__TASK DIRECTIONS__:
Only the lines from the one that contains "Purple Silk Organza, Viscose" through the last line of the data below should be duplicated, exactly and without pictures.

__DATA PROVIDED__:
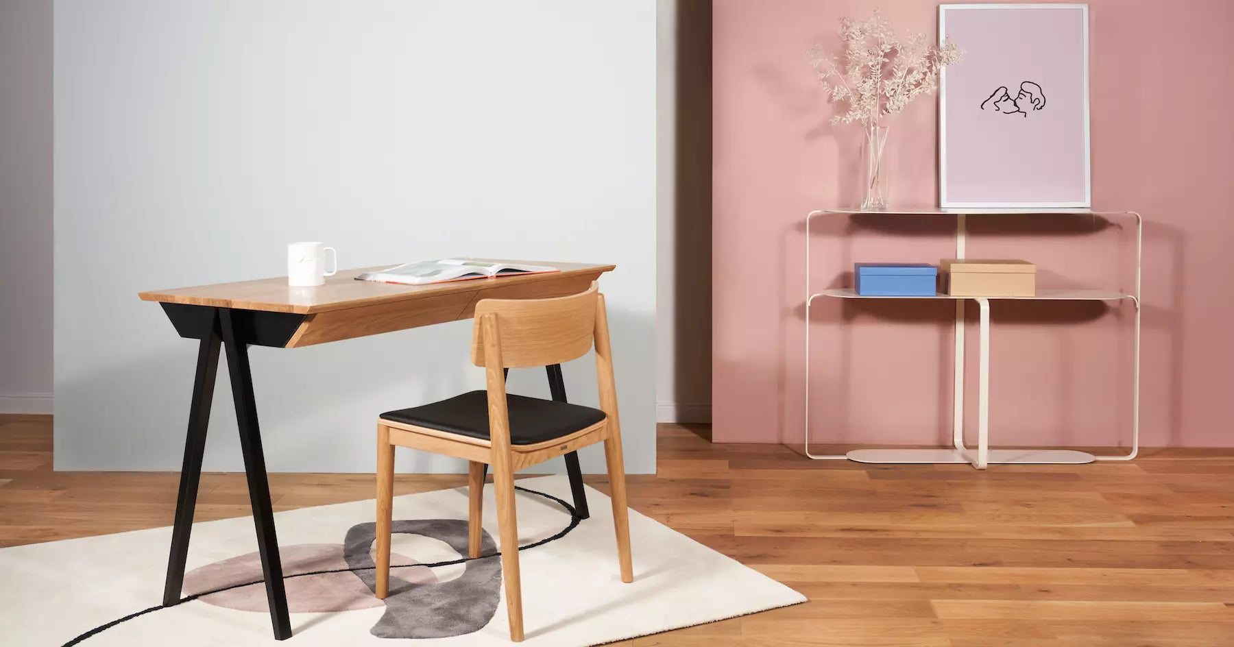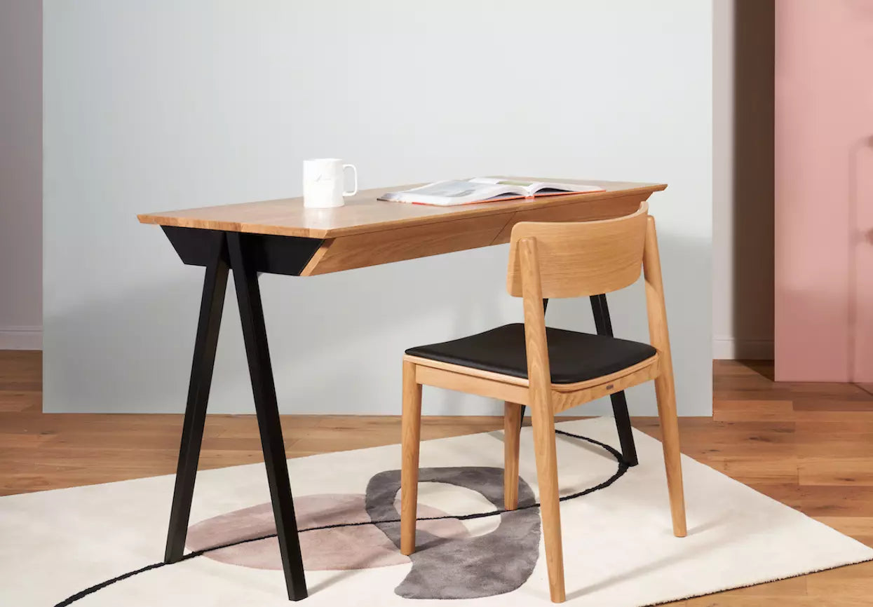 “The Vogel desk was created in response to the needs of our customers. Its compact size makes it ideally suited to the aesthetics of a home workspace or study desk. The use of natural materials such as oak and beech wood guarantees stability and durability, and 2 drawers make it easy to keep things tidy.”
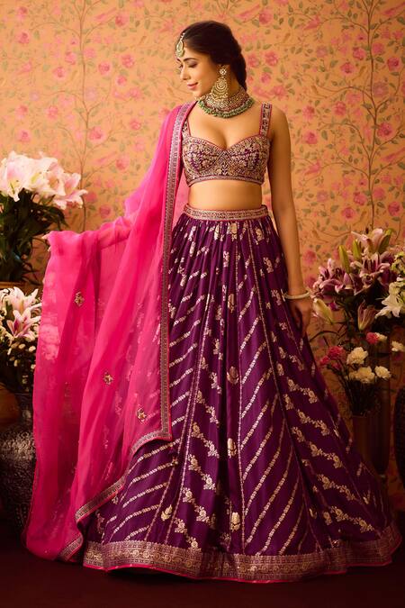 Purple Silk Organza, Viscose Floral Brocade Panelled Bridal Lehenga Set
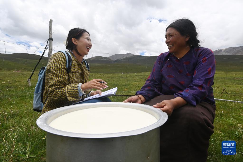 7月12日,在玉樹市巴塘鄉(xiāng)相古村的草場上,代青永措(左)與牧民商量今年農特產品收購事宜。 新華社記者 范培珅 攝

__TASK RESPONSE__:
 Purple Silk Organza, Viscose Floral Brocade Panelled Bridal Lehenga Set
 7月12日,在玉樹市巴塘鄉(xiāng)相古村的草場上,代青永措(左)與牧民商量今年農特產品收購事宜。 新華社記者 范培珅 攝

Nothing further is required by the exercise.